John took the journal from her and they studied the columns of numbers together, the pluses and minuses. John paged to the end of the journal. The round, flowing hand reappeared; the narrative had apparently resumed. He turned back to the lists.

“Why on earth did she think this would be important?” Molly said. She glanced at her watch. “Good Lord, it’s three o’clock. I’m starving.”

“Now’s as good a time as any to take a break,” John said. “There’s supposed to be a pub somewhere nearby. Want to see if we can walk it?”

“Sure.”

They left the bed and breakfast. Outside John turned right and headed down a street lined with small shops, a grocer’s, a post office, an estate agent.

“So,” Molly said. “Emily’s the one with the gap in her teeth, like me and Fentrice. Does that mean she’s the head of this whole clan? Does that make her Neesa? Harrison is probably Harry in the genealogy. Do you think they got married?”

“Of course not,” John said. “Lords didn’t marry their laundresses.”

“But if he’s Harry he had children by her, or at least a child. Fentrice said her parents were Verey and Edwina, and
their
parents were Neesa and Harry.”

“He still wouldn’t marry her. It took money to run a household like the one Harrison and Lydia had. People married to join their fortunes, and Emily had to be penniless. Anyway, it wasn’t so easy to get a divorce in those days. Harrison would have to prove adultery.”

“Or Lydia would.”

“But why would she want to? There would have been a terrible scandal. Besides, the laws were weighted toward men—a judge would have been much more lenient where Harrison was concerned. But he probably returned to his wife after this one lapse.”

“But Emily says something about ‘after Lydia left.’ And she stayed in the Order for years, and somewhere along the way she learned how to speak better English. Who would she learn that from if not Harrison?”

“Anyone, really. She seems very resourceful.”

“So they held hands at the meetings, exchanged steamy glances, and never said a word? Never made love again?”

“Probably.”

“But she had a child, at least according to my aunt,” Molly said. “I wish we hadn’t stopped reading.” She looked down the street. “Why does that building say ‘Take Courage’ on the side?” she asked. “Courage about what?”

“That’s the pub,” John said. “Courage is the kind of beer they serve. Some pubs here are tied to a specific brewery.”

They went inside. Molly, remembering the sheep in the stained glass window, ordered a shepherd’s pie. They took their food and went to sit down.

“How do you know all this stuff?” Molly asked. “Victorian divorce laws?”

“I read a lot.”

“That’s what you said before. I read a lot too, but I couldn’t tell you what it took to get a divorce in the nineteenth century.”

“There was a year when I didn’t do anything but read.”

Molly felt, very strongly, as if she had come to a fork in a labyrinth. She could ask him why, and he would tell her, and they would take another step toward friendship.
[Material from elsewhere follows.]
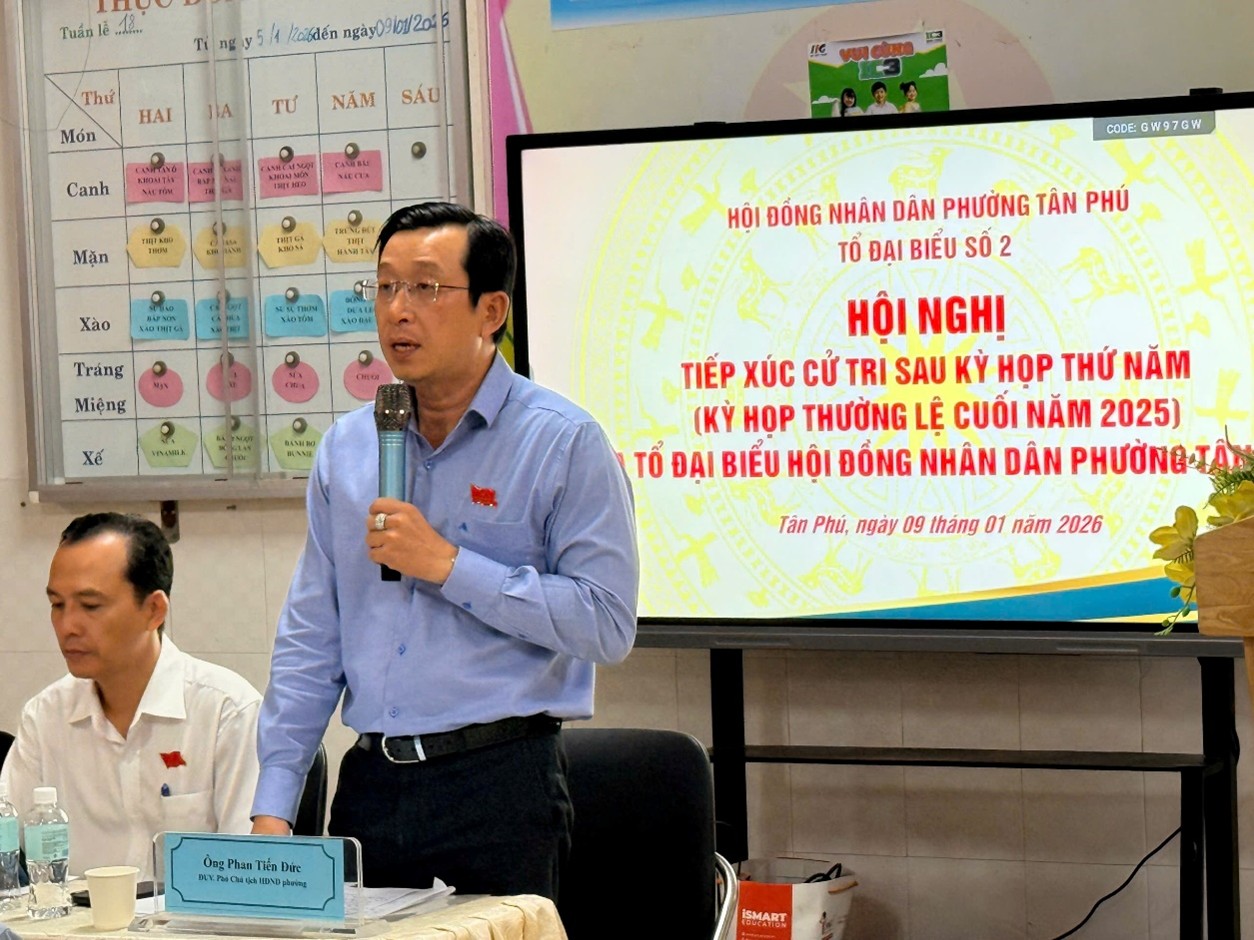 Từ ngày 07/01/2026 đến ngày 09/01/2026, Hội đồng nhân dân phường phối hợp Mặt trận Tổ quốc Việt Nam phường tổ chức Hội nghị tiếp xúc cử tri sau kỳ họp thường lệ cuối năm 2025, kỳ họp thứ Năm Hội đồng nhân dân phường, nhiệm kỳ 2021 - 2026.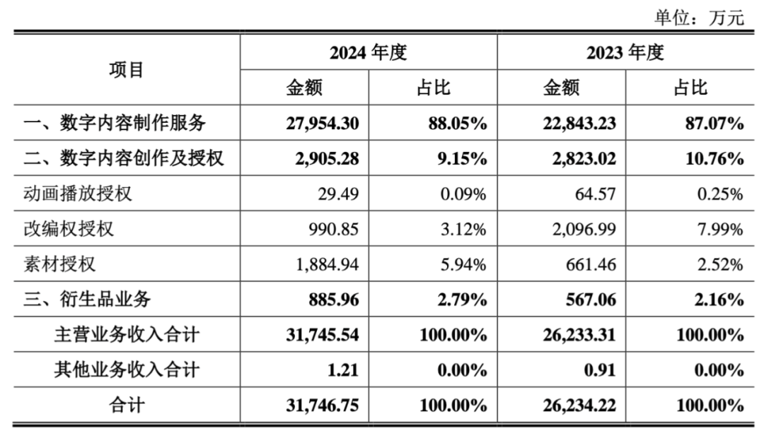 有关营收分布和具体占比,2023和2024年,玄机科技分别有87.07%和88.05%的收入来自“数字内容制作服务”,也就是动画制作,为公司的营收重心,两年分别取得2.28亿元和约2.8亿元收入,同比实现上升。

Or she could change the subject.

“How come?” she said.

He sighed. “I was—I was in jail, actually.”

“In jail! Why?”

“For being stupid. I was a clerk in a law firm. They made me a notary public, someone who would notarize all their documents. I just signed what they put in front of me, and it turned out that one of the partners was practicing fraud on a grand scale. Only all the documents had my signature on them, not his. So I got a year in jail.”

“What happened to him?”

“Nothing. Like I said, I was stupid. I spent a year reading everything in the prison library. You’d be amazed at what they had, old books that no one wanted anymore, an ancient edition of the
Encyclopedia Britannica.
And I helped one of the guys figure something out about his case, where to find some of the evidence he needed, and he got off. So when I got out I became a private investigator. I was fed up with lawyers, and anyway no one would hire an ex-con—it was the only thing I could think to do.”

“Good Lord.” She remembered the ease with which he had stolen the book from Lord Westingate’s library. So that was where he had learned how to steal, and other things too, probably.